Results A total of 579 neurointerventional treatment procedures were performed during the 15-month study period. 163 (28%) procedures were initially attempted via a TRA and the remaining 416 (72%) via TFA. Of the 163 initially- attempted TRA procedures, 7 (4%) crossovers (4 aneurysm embolizations, 2 thrombectomies for acute stroke, and 1 AVM embolization with 6 crossing over to TFA) vs 13 (3.1%) (5 crossing over to TRA) in the TFA procedures occurred (p=0.49). Of the 162 TRA neurointerventional procedures that were carried out accounting for crossovers, 80 (35%) were for aneurysmal embolization, 31 embolization (19%) of an AVM and/or AVF, 4 (3%) thrombectomies of an acute stroke, 9 (6%) carotid artery stenting/angioplasty, 8 (5%) embolization of a tumor, 24 (15%) middle meningeal artery embolization for chronic subdural hematomas, and 6 (4%) other neurointerventions.
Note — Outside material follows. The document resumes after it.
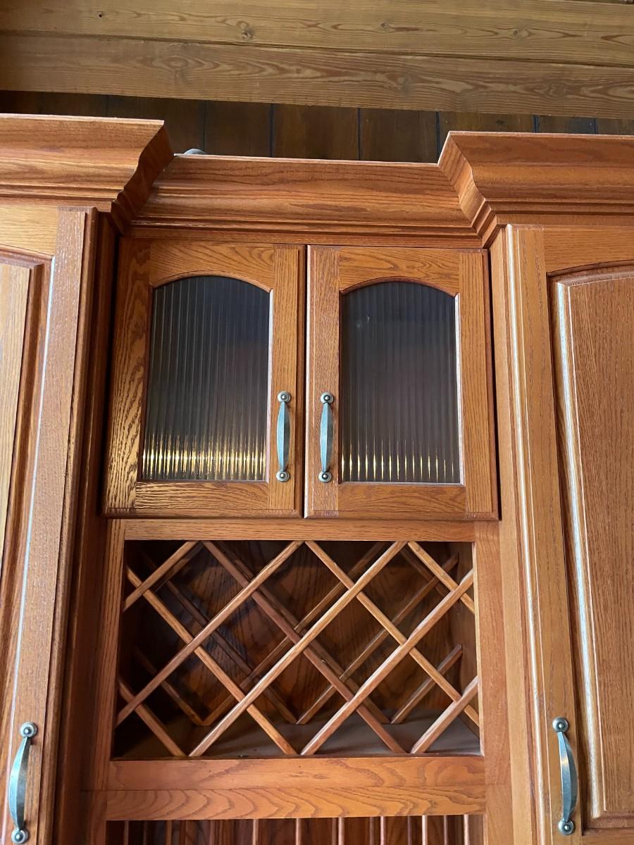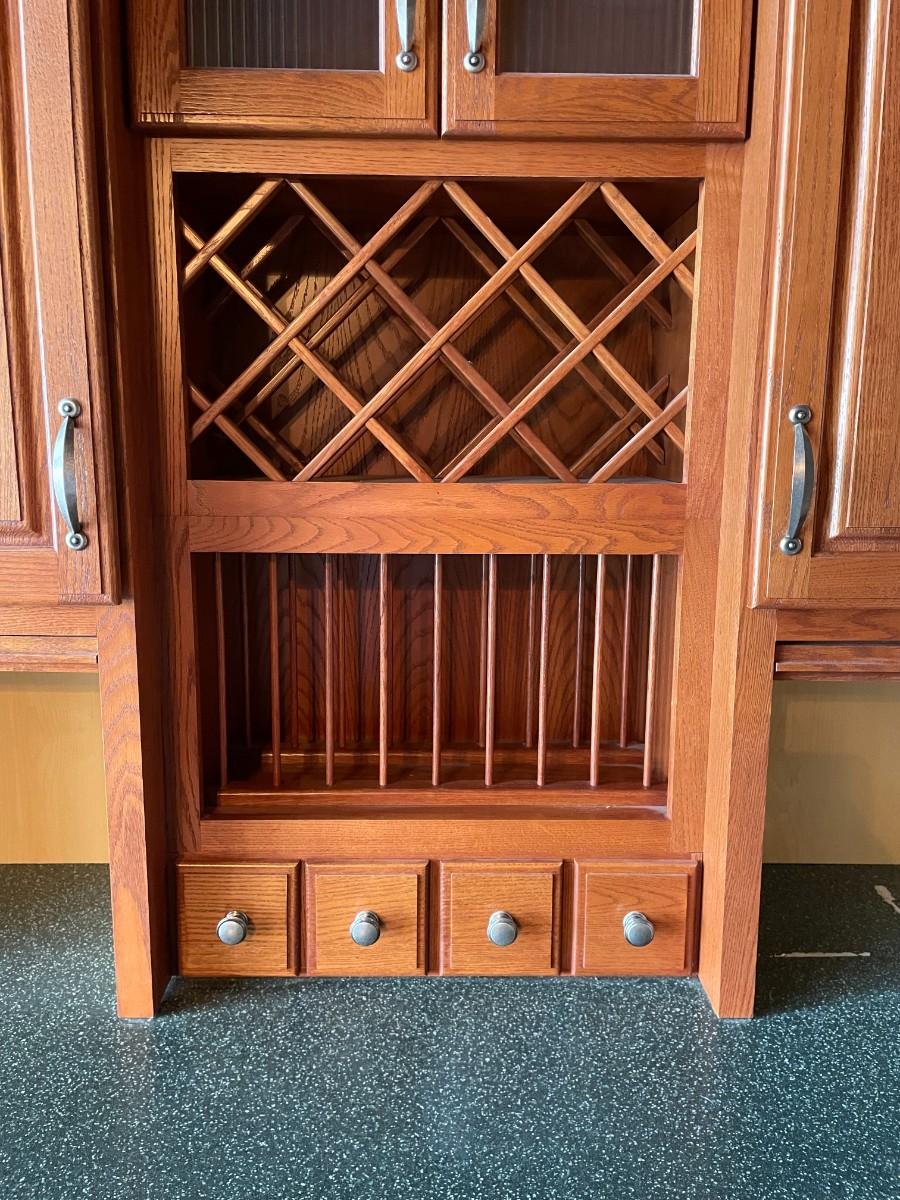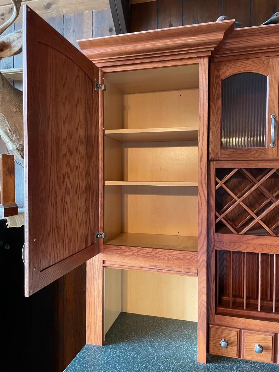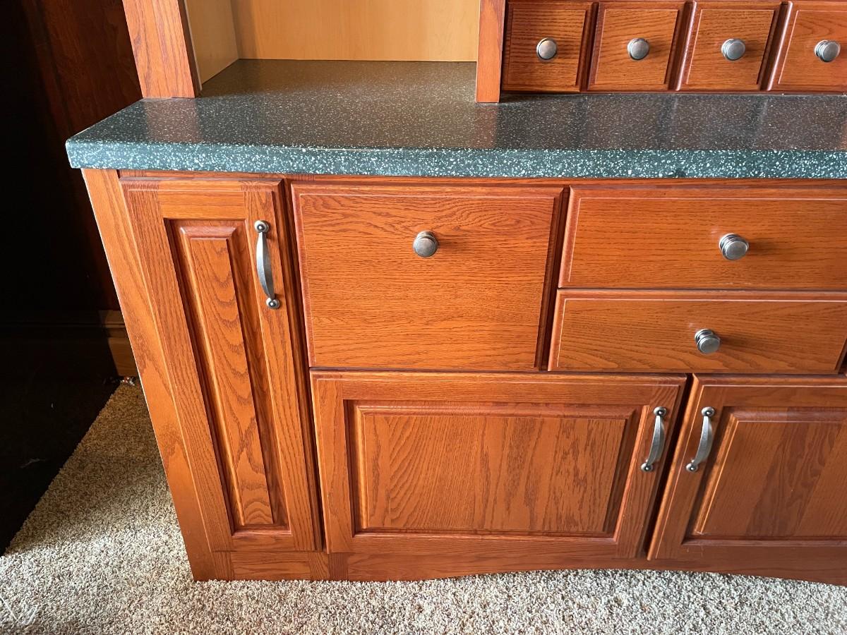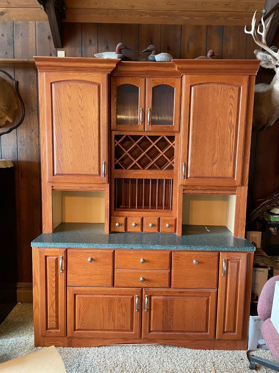 This 2-piece hutch has plenty of storage and a wine rack. Beautifully maintained. Top section: 70L x 15 1/2w x 57H. Bottom section: 70L x 25W x 36H.

The TRA procedures were significantly different than the 417 TFA procedures performed, which included 143 (34%) thrombectomies for acute stroke (p<0.001). A significantly greater fluoroscopy time (39 vs 30 minutes) and total contrast (156 vs 128 mL) were observed in the TRA procedures (p<0.001 for both). TFA procedures (N=43, 10%) were associated with a significantly higher complication rate than TRA procedures (N=5, 4%) (p=0.008); however, the majority of complications were mild with only 18 (3%) major complications including 3 (2%, all IPH or CVA) in the TRA procedures and 15 (3.6%; 6 IPH/CVA, 5 vessels dissections, 3 femoral occlusions, and 1 retroperitoneal bleed) in the TFA interventions. After eliminating thrombectomy patients and performing a propensity adjustment (including age, gender, symptoms, procedure, pathology, sheath and catheter size) TRA catheterization was associated with decreased odds of a complication (OR 0.25, 95% CI: 0.085–0.72, p=0.011) and a greater contrast amount (161 vs 140 mL, p=0.007), but no significant difference in fluoroscopy time (39 vs 35 minutes, p=0.052) than TFA treatments.

Conclusion TRA access for neuroendovascular interventions can be performed successfully for a variety of procedures and for numerous pathologies, with fewer overall complications and no difference in fluoroscopy times than the traditional TFA approach.

Disclosures J. Catapano: None. C. Nguyen: None. V. Fredrickson: None. N. Majmundar: None. D. Wilkinson: None. J. Baranoski: None. T. Cole: None. A. Ducruet: None. F. Albuquerque: None.